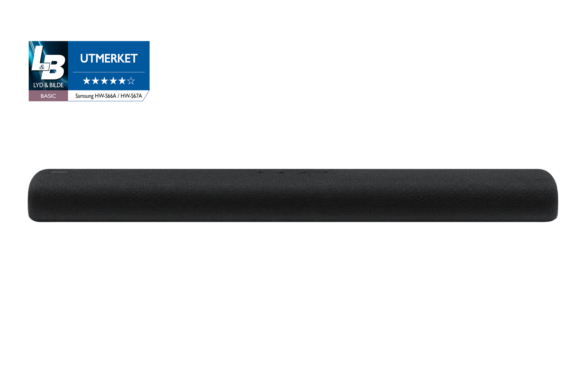 Hør hver eneste nyanse, enten det gjelder musikk eller film. Soundbar S66A er utstyrt med to sidehøyttalere og Samsung Acoustic Beam-teknologi som fyller hele rommet med dynamisk lyd.
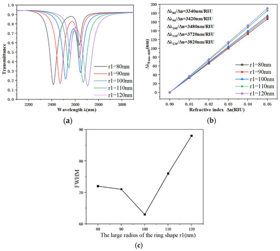 (a) Transmission spectra under different ring radii r1 of the URRCTR structure; (b) Corresponding linear fitting of sensitivity; (c) Variation of FWHM values at different heights of the ring radius.
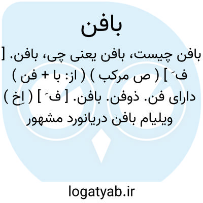 بافن. [ ف َ ] ( اِخ ) ویلیام بافن دریانورد مشهور انگلیسی که بسال 1584 م. بدنیا آمد و بسال 1622 م. درگذشت. در سفر اکتشافی که بسال 1615 م. به دریاهای شمالی کرد تا مدار 78 درجه شمالی پیشرفت و سفرنامه ای نیز در مشاهدات خود نوشت. بافن در ایران، در محاصره جزیره هرموز هنگامی که میخواست پرتقالیها را از ایران براند کشته شد. و نیز رجوع به بافن در قاموس الاعلام ترکی شود.
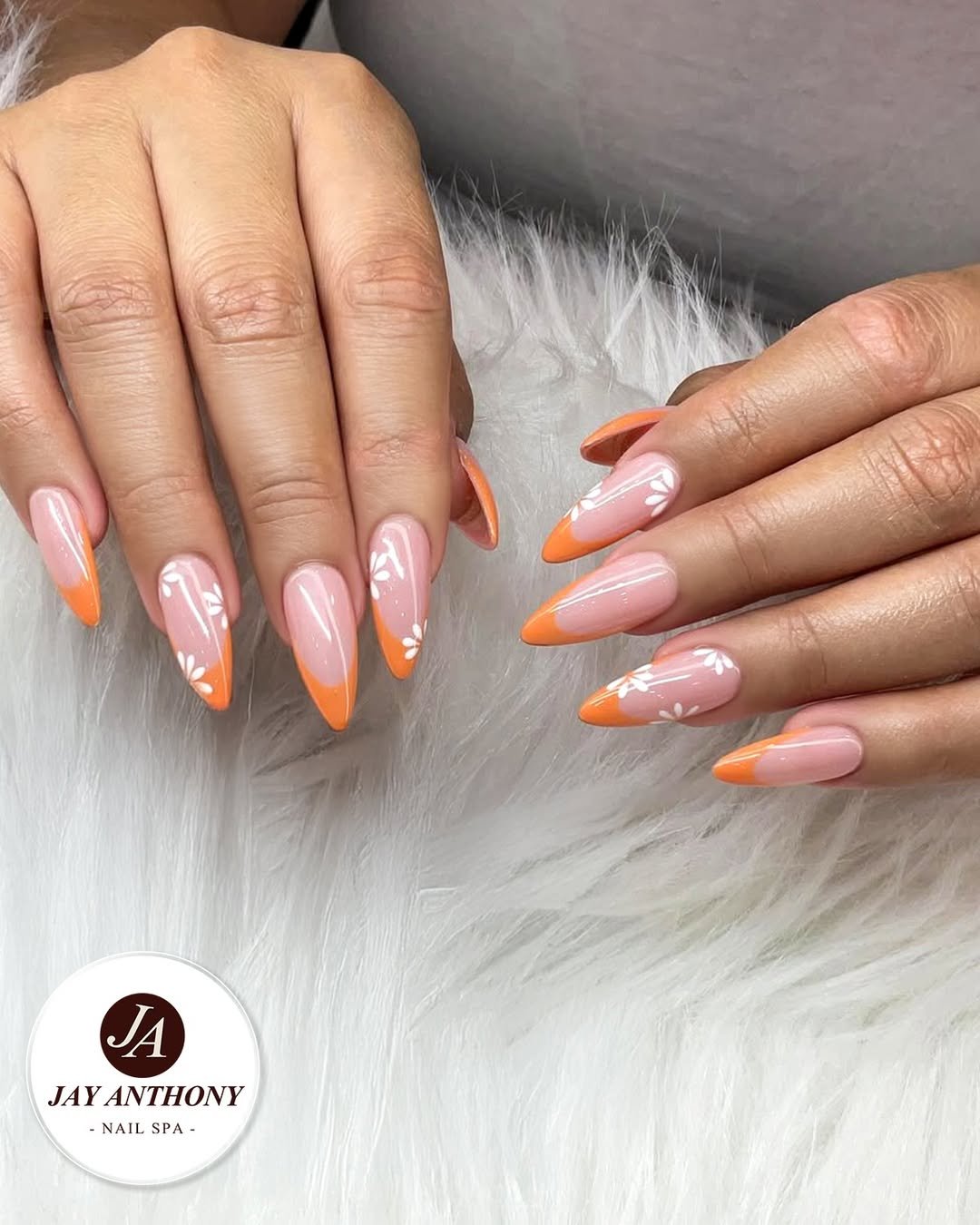 There’s something effortlessly chic about a bright orange French tip in summer. The vivid tangerine edges paired with delicate white floral accents keep the design looking clean yet playful.
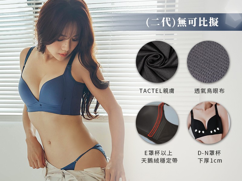 (二代)無可比擬在材質上使用TACTEL及鳥眼布的透氣材質,快乾親膚不悶熱!針對大罩杯更是做了許多貼心設計,D-N罩杯做下厚1cm設計,幫助上胸提托支撐,E罩杯以上使用天鵝絨穩定帶及三膠條設計,搭配加高土台支撐胸部重量!大罩杯女孩擁也能又挺又包覆!
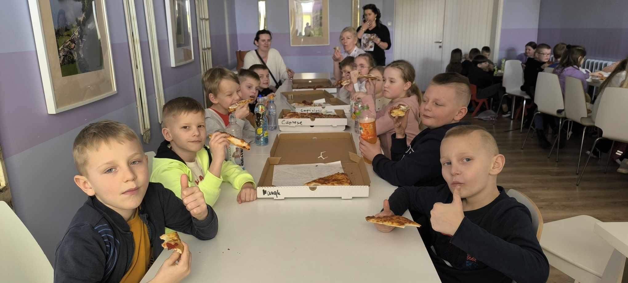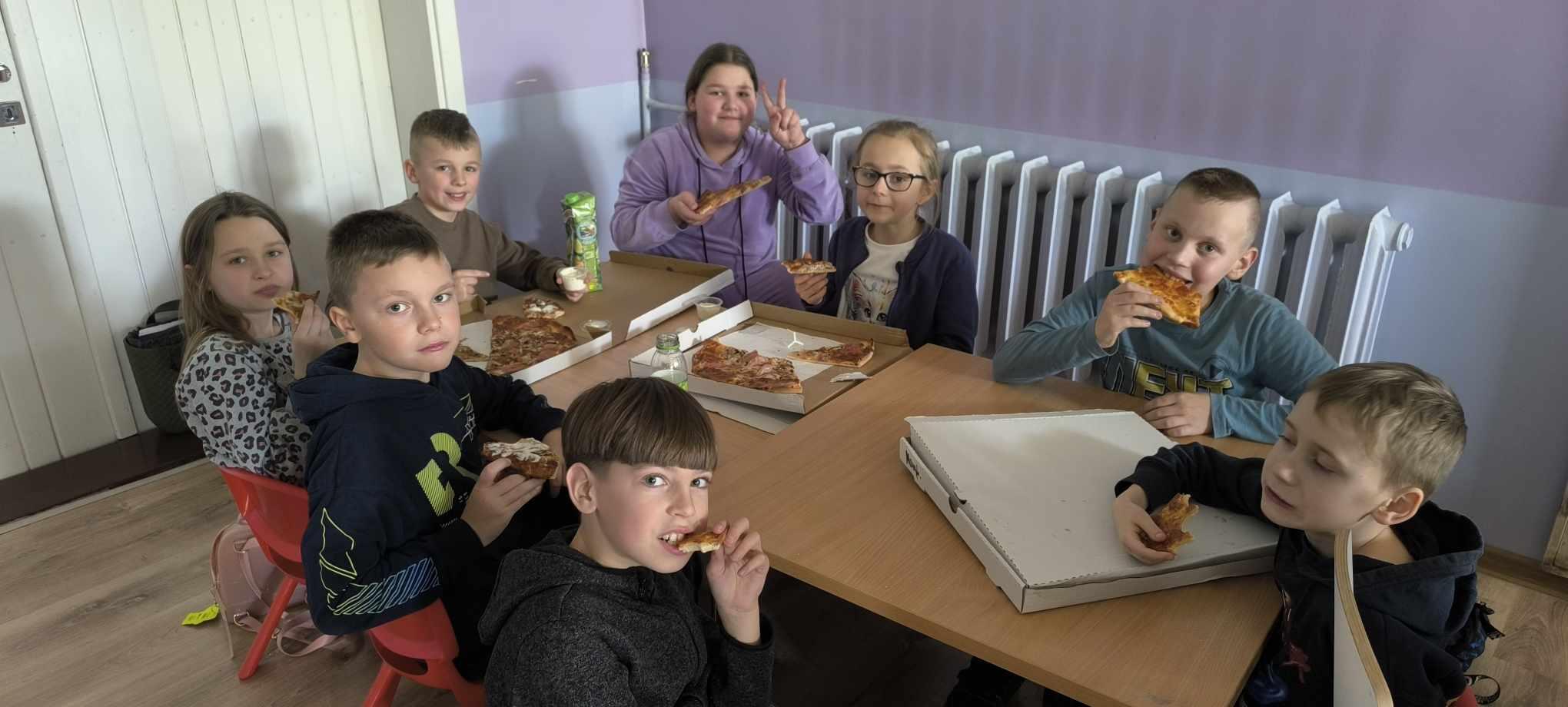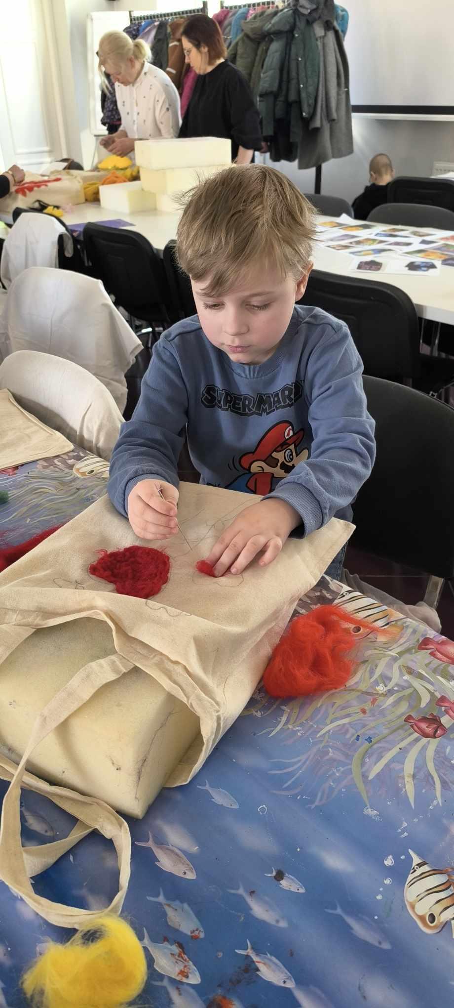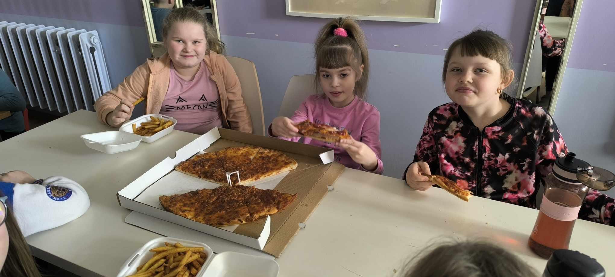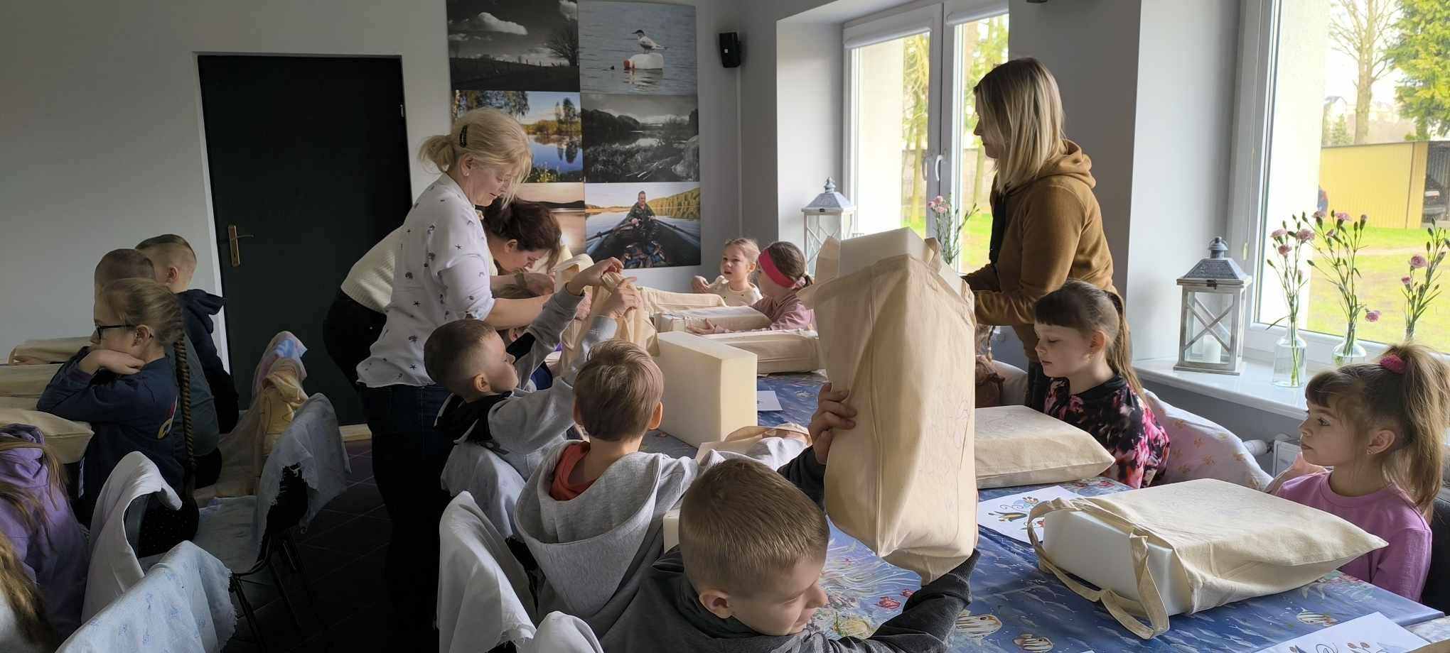 Dzisiaj mieliśmy niesamowity dzień pełen wrażeń i atrakcji. Na początek odwiedziliśmy Lokalna Grupę Rybacką w Chmielnie, gdzie sympatyczne panie przeprowadziły z nami warsztaty filcowania. Dzieci przy pomocy specjalnej igły i wełny czesankowej wykonały samodzielnie piękne kwiaty na lnianych torbach. Następnie udaliśmy się do Kina za Rogiem, gdzie wspólnie obejrzeliśmy film o czarnym kocie i biedronce. Na zakończenie pobytu w Chmielnie zjedliśmy smaczą pizzę . Najedzeni i zmęczeni udaliśmy się w drogę powrotną opowiadając sobie o wrażeniach z wycieczki.
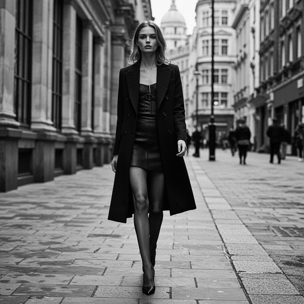Street photography captures an alluring woman in the bustling streets of London. The monochrome scene immortalizes her confident stride amidst iconic city architecture, shot using an Arriflex 35 BL camera paired with Canon K35 Prime lenses. The image artistically embraces the chaos of urban life, balancing elegance with the gritty atmosphere. Bathed in natural light, the photograph emphasizes sharp contrasts and intricate textures, drawing focus to the woman's enigmatic expression. She effortlessly blends into the dynamic backdrop, merging personal style with the city's timeless charm, all while exuding an air of mystery.
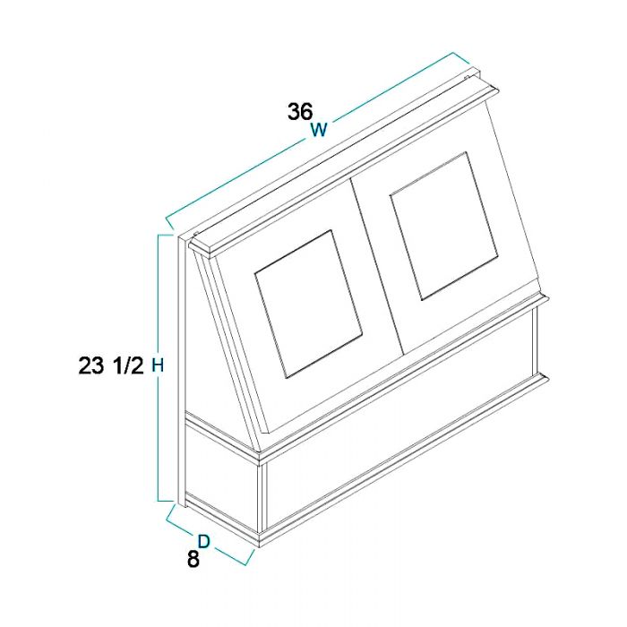 Range Hood Front – 36″W X 23 1/2″ H X 8″D – mounts between wall cabinets
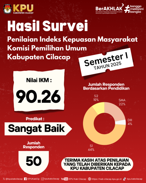 Ketua KPU Kabupaten Cilacap, Weweng Maretno, S.Sos., menyampaikan apresiasi kepada masyarakat yang telah berpartisipasi dalam survei ini. “Hasil penilaian dengan kategori sangat baik ini menjadi motivasi bagi kami untuk terus memperkuat pelayanan publik yang transparan, akuntabel, dan responsif terhadap kebutuhan masyarakat,” ujarnya.
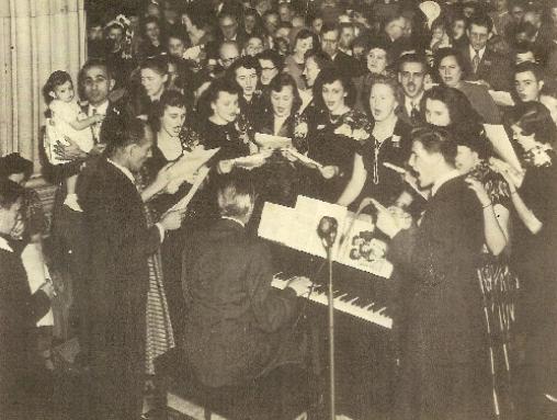 | Above and below, Christmas party, First National Bank of Commerce, Baronne Street, 1949. |

Task description
Where pictures appear, drop them, and reproduce exactly only the lines running from the beginning of the data to the line that contains "(a) Transmission spectra", inclusive.

Answer area
 Hør hver eneste nyanse, enten det gjelder musikk eller film. Soundbar S66A er utstyrt med to sidehøyttalere og Samsung Acoustic Beam-teknologi som fyller hele rommet med dynamisk lyd.
 (a) Transmission spectra under different ring radii r1 of the URRCTR structure; (b) Corresponding linear fitting of sensitivity; (c) Variation of FWHM values at different heights of the ring radius.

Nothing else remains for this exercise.